Bioinformatics. 2024 Dec 2:btae726. doi: 10.1093/bioinformatics/btae726. Online ahead of print.
ABSTRACT
SUMMARY: Extensive human health data from cohort studies, national registries, and biobanks can reveal lifecourse risk factors impacting health. Combining these sources offers increased statistical power, rare outcome detection, replication of findings, and extended study periods. Traditionally, this required data transfer to a central location or separate partner analyses with pooled summary statistics, posing ethical, legal, and time constraints. Federated analysis-which involves remote data analysis without sharing individual-level data-is a promising alternative. One promising solution is DataSHIELD (https://datashield.org/), an open-source R based implementation. To enable federated analysis, data owners need a user-friendly way to install the federated infrastructure and manage users and data.

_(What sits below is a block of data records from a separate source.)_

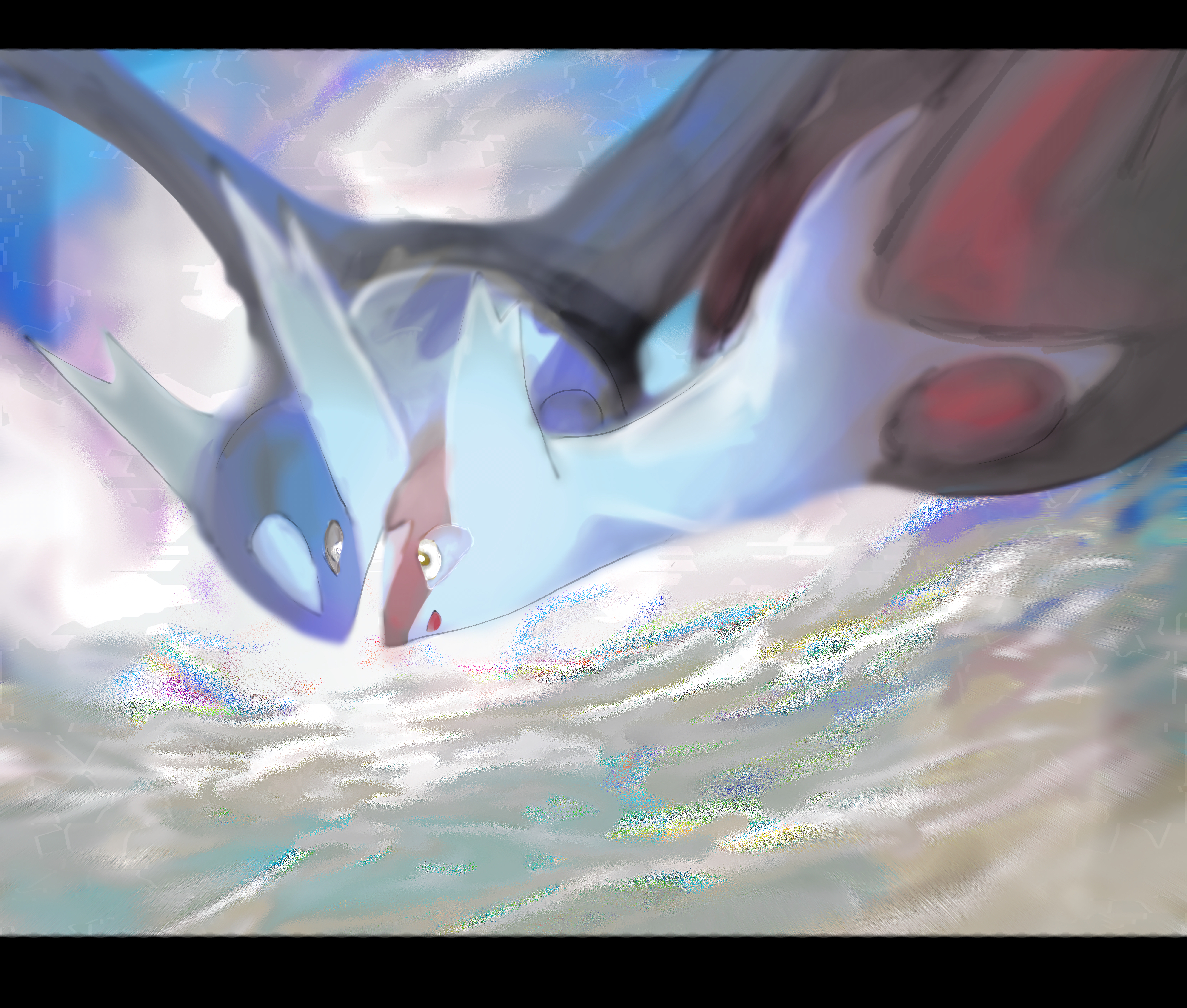 above_clouds absurdres animal_focus blurry cloud day depth_of_field dragon flying from_side gen_3_pokemon happy highres latias latios legendary_pokemon letterboxed nintendo no_humans open_mouth outdoors pokemon pokemon_(creature) profile rey_(pixiv_95560830) smile yellow_eyes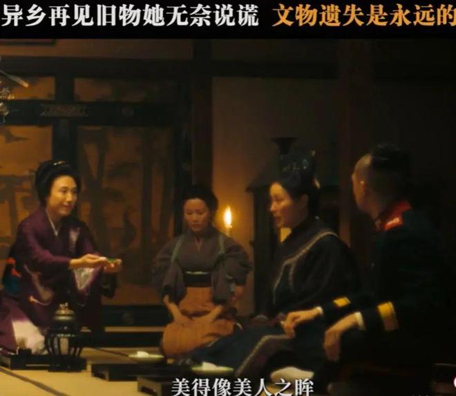 当然,吴越出彩的片段不止这一个。当她在日本皇室的家中看到一个翡翠玉镯时,她先是假意听错对方的问话,后是谎称这个物件绝对不是出自紫禁城中。这个反应可以说是非常智慧的,当然也突出了时代的悲剧,任谁,哪一个中国人都痛心看到这一幕。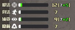 幸存者的四个主要属性由枪法、身法、侦查、隐蔽组成。如下图所示: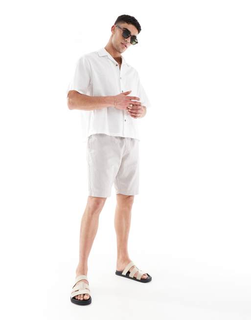 French Connection linen drawstring shorts in stone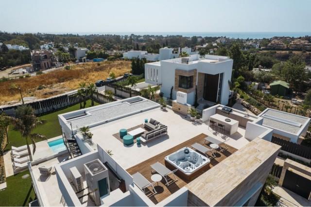 Uitzicht op tuin en zwembad Uitzicht op bergen Pas gebouwd Airconditioning Warm/Koud Automatic garage door Kelder Vaste barbecue In de buurt van voorzieningen Dicht bij scholen Scholen in de nabijheid 5-10 minuten van golfbaan Gelegen nabij golfterrein Eigentijdse stijl Moderne stijl Dubbele ramen Volledig ingerichte keuken Inbouwkasten Garderobe voor gasten Garage Afgesloten complex Home cinema Ideaal voor familie Aangelegde tuin Wasserij Zitkamer met open haard Luxe keuken Prestigieuze zone Prestigieus onroerend goed Dakterras Smart Home Solarium en Jacuzzi Ruime accommodatie Volledige vloerverwarming Luxe accessoires En suite badkamer Licht Kleedkamer Ondergrondse parkeergarage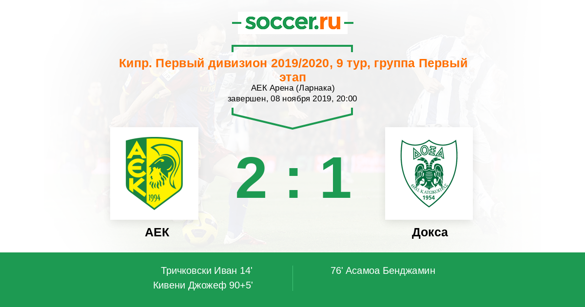 Протокол матча АЕК против Докса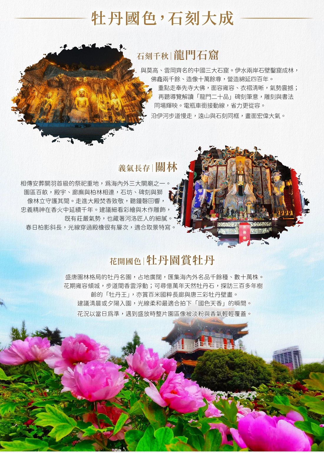 洛陽【牡丹園賞牡丹、龍門石窟(含導覽耳機+電瓶車)、關林】 / 輝縣
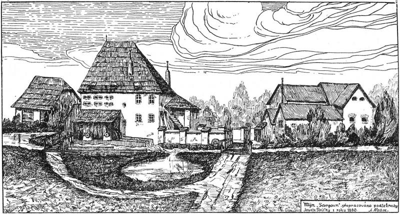 Šargounský mlýn kolem r.1880. Pohled od Rozvadovic.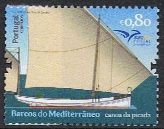 “canoa da picada”; Developed by Portugal in the late 19th century as a fast seaworthy vessel to carry the catch from fishing boats to the Lisbon market. Also fished and in modified form has been a pleasure craft; reported also as a cargo carrier from south coast ports. Typical features include a long rounded counter stern above a sharply raked sternpost, maximum beam abaft amidships, and a gaff mizzen stepped on the counter and sheeted to an outrigger. Plump stem, deep drag to the keel, round bottom with slack bilges. Shredded wool on the stemhead prevents chafing of the sail.

Here we present MOLGENIS Armadillo: a lightweight server for federated analysis solutions such as DataSHIELD.
AVAILABILITY AND IMPLEMENTATION: Armadillo is implemented as a collection of three packages freely available under the open source licence LGPLv3: two R packages downloadable from the Comprehensive R Archive Network (CRAN) (“MolgenisArmadillo” and” DSMolgenisArmdillo”) and one Java application (“ArmadilloService”) as jar and docker images via Github (https://github.com/molgenis/molgenis-service-armadillo).
SUPPLEMENTARY MATERIALS: In Supplementary material we include screenshots of the user interface (UI) to illustrate the use of Armadillo.
PMID:39673440 | DOI:10.1093/bioinformatics/btae726